Participants would send proof of participation to the activity organizers, who received as many as 125 submissions per activity, a figure comparable to the 130-person turnout for the team’s pre-pandemic planting events. While the organizers received submissions from everyone from preschoolers to site employees, most of the participants were secondary school students. The teens could use the activities to fulfill community service hours required for graduation, during a time when pandemic-related closures made finding volunteer work difficult. Extra credit was given to students who participated in habitat enhancement work, such as planting native wildflowers or trees, and submitted proof to the organizers.  

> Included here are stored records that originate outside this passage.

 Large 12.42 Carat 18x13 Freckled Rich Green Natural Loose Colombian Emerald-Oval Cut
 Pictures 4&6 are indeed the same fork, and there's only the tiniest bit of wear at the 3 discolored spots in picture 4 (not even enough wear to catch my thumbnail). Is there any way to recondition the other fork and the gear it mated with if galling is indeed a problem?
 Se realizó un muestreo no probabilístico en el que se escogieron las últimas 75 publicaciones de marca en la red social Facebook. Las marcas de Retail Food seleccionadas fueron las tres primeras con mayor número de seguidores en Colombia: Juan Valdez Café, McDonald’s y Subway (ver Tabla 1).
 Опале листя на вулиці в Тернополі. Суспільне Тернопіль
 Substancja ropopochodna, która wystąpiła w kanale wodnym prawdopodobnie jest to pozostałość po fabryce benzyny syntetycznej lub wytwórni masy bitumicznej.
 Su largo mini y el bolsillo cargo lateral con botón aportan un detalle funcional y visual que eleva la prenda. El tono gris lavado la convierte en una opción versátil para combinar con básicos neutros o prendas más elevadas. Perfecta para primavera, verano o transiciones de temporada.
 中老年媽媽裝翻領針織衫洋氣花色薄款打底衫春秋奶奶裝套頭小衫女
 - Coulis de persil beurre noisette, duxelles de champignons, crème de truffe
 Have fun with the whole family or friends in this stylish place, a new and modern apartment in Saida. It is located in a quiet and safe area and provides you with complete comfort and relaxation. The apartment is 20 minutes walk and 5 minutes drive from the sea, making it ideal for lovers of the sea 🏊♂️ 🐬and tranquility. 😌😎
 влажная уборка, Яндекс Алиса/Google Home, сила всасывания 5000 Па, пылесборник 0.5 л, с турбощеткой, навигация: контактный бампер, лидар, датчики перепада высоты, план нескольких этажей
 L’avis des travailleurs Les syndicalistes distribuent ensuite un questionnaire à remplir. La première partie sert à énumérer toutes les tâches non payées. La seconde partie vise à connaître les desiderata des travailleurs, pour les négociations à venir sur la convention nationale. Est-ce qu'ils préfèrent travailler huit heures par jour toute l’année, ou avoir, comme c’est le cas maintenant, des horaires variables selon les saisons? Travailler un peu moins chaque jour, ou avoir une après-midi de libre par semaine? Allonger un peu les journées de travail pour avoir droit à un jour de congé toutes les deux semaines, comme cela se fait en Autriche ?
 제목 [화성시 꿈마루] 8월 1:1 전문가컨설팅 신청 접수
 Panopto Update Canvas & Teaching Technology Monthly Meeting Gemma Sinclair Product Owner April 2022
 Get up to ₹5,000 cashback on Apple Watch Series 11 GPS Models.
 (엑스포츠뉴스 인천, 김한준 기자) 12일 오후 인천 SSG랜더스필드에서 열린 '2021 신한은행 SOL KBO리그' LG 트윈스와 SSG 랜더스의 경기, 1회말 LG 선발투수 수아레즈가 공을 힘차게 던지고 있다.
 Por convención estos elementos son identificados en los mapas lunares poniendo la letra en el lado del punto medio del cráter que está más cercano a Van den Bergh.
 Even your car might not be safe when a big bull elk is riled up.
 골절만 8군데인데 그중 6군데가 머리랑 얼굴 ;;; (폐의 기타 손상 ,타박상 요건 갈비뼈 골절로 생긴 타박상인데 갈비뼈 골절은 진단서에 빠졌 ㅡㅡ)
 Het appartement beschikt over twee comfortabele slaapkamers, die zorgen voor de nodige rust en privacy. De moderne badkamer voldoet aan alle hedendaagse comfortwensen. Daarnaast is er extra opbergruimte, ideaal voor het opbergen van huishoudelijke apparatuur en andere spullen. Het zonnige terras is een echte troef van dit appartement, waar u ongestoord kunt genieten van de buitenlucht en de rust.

Speaking to the Stellantis team’s resiliency, WHC President Margaret O’Gorman said, “By exercising flexibility and remaining sensitive to local needs, the Windsor team has not only been able to maintain their conservation program but has also grown its decades-long relationship with the greater Windsor community.”  

In addition to the Ibis Award, the team’s efforts have been commended by Stellantis’ corporate offices, the Windsor municipal government and a local museum. Given this praise, and the overwhelmingly positive comments from participants and their parents, the Windsor team intends to continue offering self-directed educational activities, even when organized events become possible again.  

About Wildlife Habitat Council

Wildlife Habitat Council partners with corporations, fellow conservation organizations, government agencies and community members to empower and recognize wildlife habitat and conservation education programs. Our members are environmental leaders at local, national and global levels, voluntarily managing their lands to support sustainable ecosystems and the communities that surround them. Since 1988, WHC has certified more than 1,000 habitat and education programs worldwide; WHC Conservation Certification programs can be found in 47 states, Washington, D.C. and Puerto Rico, and 25 countries. To learn more, visit or follow @WildlifeHC on Twitter. 

About Stellantis

Stellantis (NYSE: STLA) is one of the world’s leading automakers and a mobility provider, guided by a clear vision to offer freedom of movement with distinctive, affordable and reliable mobility solutions. In addition to the Group’s rich heritage and broad geographic presence, its greatest strengths lie in its sustainable performance, depth of experience and the wide-ranging talents of employees working around the globe. Stellantis will leverage its broad and iconic brand portfolio, which was founded by visionaries who infused the brands with passion and a competitive spirit that speaks to employees and customers alike. Stellantis aspires to become the greatest, not the biggest, while creating added value for all stakeholders, as well as the communities in which it operates.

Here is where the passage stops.